Spokesmen for the Screen Actors Guild and the Alliance of Motion Picture & Television Producers had no comment.

“We are drawing attention to the fact that the handful of vertically integrated corporations who finance, distribute and exhibit motion picture and video productions have gained unchecked control over the entertainment industry,” said SAG member Scott Wilson.

Wilson said the congloms are denying SAG members who are below star level a fair participation in the rewards of the business.

“In our collective bargaining process, these giant corporations have demanded rollbacks that ruthlessly cut down the minimum safety net on which our membership depends — residuals, pensions, health care,” he added.

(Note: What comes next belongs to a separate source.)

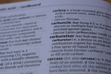 Definition Of English Dictionary Close Up Of Page Print With Word - carburettor

SAG’s remained in a stalemate for more than a month on its feature-primetime contract over the issue of when the guild’s contract would expire, with SAG pushing for a two-year deal and the congloms insisting on a three-year term. SAG’s interim national exec director David White — installed by the moderate coalition that ousted Membership First last fall — said the guild’s been holding back-channel meetings to hammer out a compromise.

Membership First has contended that the AMPTP’s final offer should be sent to members and rejected with the goal of pushing the companies to sweeten their deal. For their part, the AMPTP’s insisted that the deal — valued at $250 million in pay hikes over three years — doesn’t contain rollbacks and is generous amid the declining economy.

But Wilson said conflicts of interest among the companies are “rampant” and he plans to send letters asking for an investigation to Attorney General Eric Holder; U.S. Sens. Barbara Boxer and Dianne Feinstein (D-Calif.); and Reps. Henry Waxman, head of the House Energy and Commerce Committee; and John Conyers, head of the House Judiciary Committee.

“We call on the Dept. of Justice to investigate the antitrust implications of these corporations that have abused their market power to disadvantage the entire creative community,” Wilson said.

The U.S. Supreme Court found in 1996 in favor of NFL owners, ruling in a case brought by NFL players, that the owners had a limited nonstatutory exemption from antitrust sanctions.

“It would be difficult, if not impossible, to require groups of employers and employees to bargain together, but at the same time to forbid them to make among themselves or with each other any of the competition-restricting agreements potentially necessary to make the process work,” said Justice Stephen G. Breyer in the majority opinion.